A Reversible NO-Triggered Multiple Metallaborane Cluster Fusion by Ligand Expulsion/Addition from (PMe₂Ph)₄Pt₂B₁₀H₁₀ to Afford (PMe₂Ph)₈Pt₈B₄₀H₄₀ and (PMe₂Ph)₅Pt₄B₂₀H₂₀

The dimetallic boron hydride cluster, (PMe₂Ph)₄Pt₂B₁₀H₁₀ (1-Pt₂), is known to reversibly sequester small molecules (e.g., O₂, CO, and SO₂) across its Pt–Pt cluster vector. Here, we report the very different effect of the addition of nitric oxide (NO) to solutions of (1-Pt₂) that prompts the elimination of some of its phosphine ligands and the autofusion of the resultant {(PMe₂Ph)_xPt₂B₁₀H₁₀} units to afford the metallaborane conglomerates (PMe₂Ph)₈Pt₈B₄₀H₄₀ (2-Pt₈, 38%) and (PMe₂Ph)₅Pt₄B₂₀H₂₀ (3-Pt₄, 34%).

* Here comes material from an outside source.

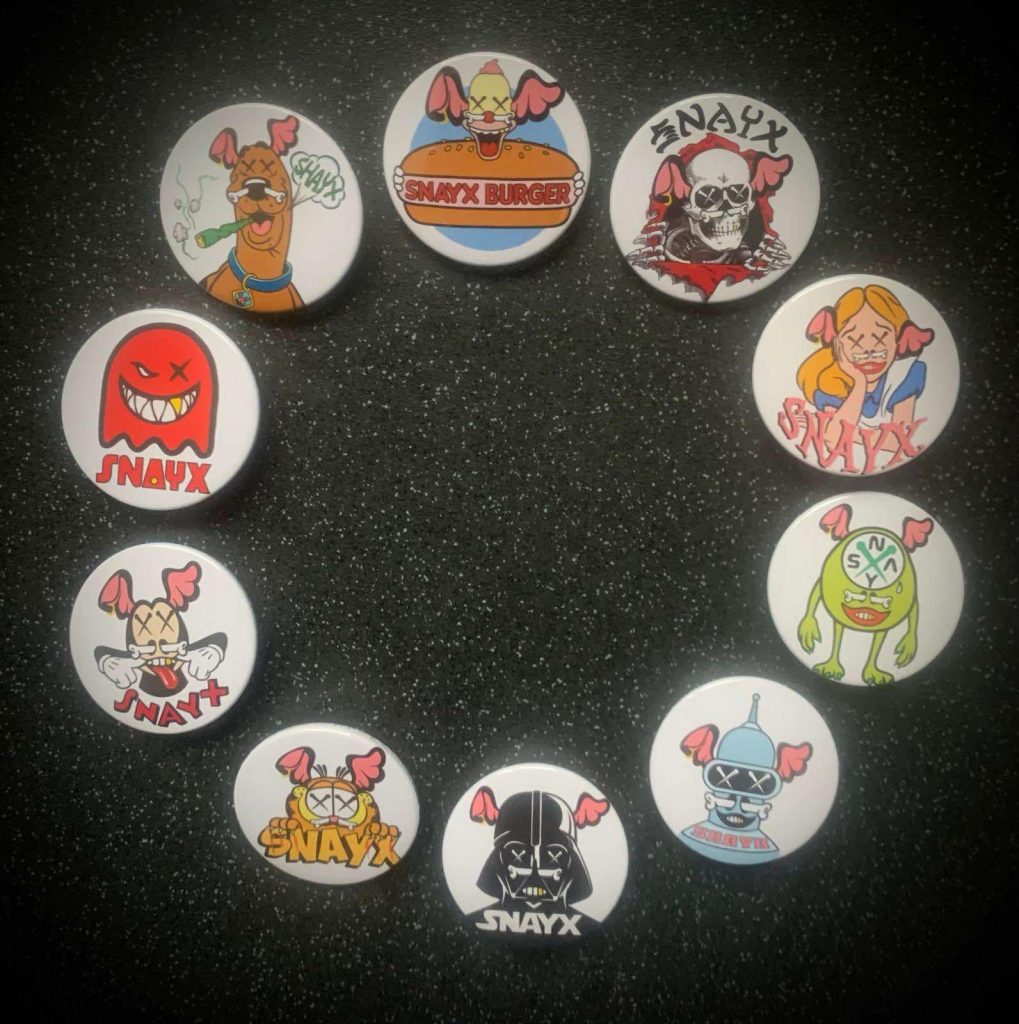 People love a badge, it’s crazy. I hadn’t realized, but there’s these old punk badge groups on Facebook where people are totally obsessed by badges from the 70’s and 80’s and they’ve become collectors items. I think it’s absolutely mind blowing that these little bits of metal and plastic become these little gems that people are absolutely obsessed with. I love it! It’s so much fun! When Snayx play, they have a song called ‘Fakes’, which they normally play right at the end of the show, and that’s when I go out and hand badges out to people in the audience, and people just so shocked to be given a badge. And you can just see those massive grin on their face when they see it’s a Snayx’s badge. It makes people happy.

Single-crystal X-ray studies of these multicluster assemblies reveal the links between the clusters to be a combination of both Pt–Pt bonds and Pt-μH-B 2-electron, 3-center bonds in (2-Pt₈) and Pt-μH-B 2-electron, 3-center bonds in (3-Pt₄). For compound (2-Pt₈), the cluster assemblage can be effectively reversed by the addition of ethyl isonitrile (EtNC) to afford (EtNC)₃(PMe₂Ph)₂Pt₂B₁₀H₁₀ 4 in quantitative yield. The compounds were characterized by mass spectrometry, multielement NMR spectroscopy, and single-crystal X-ray diffraction studies.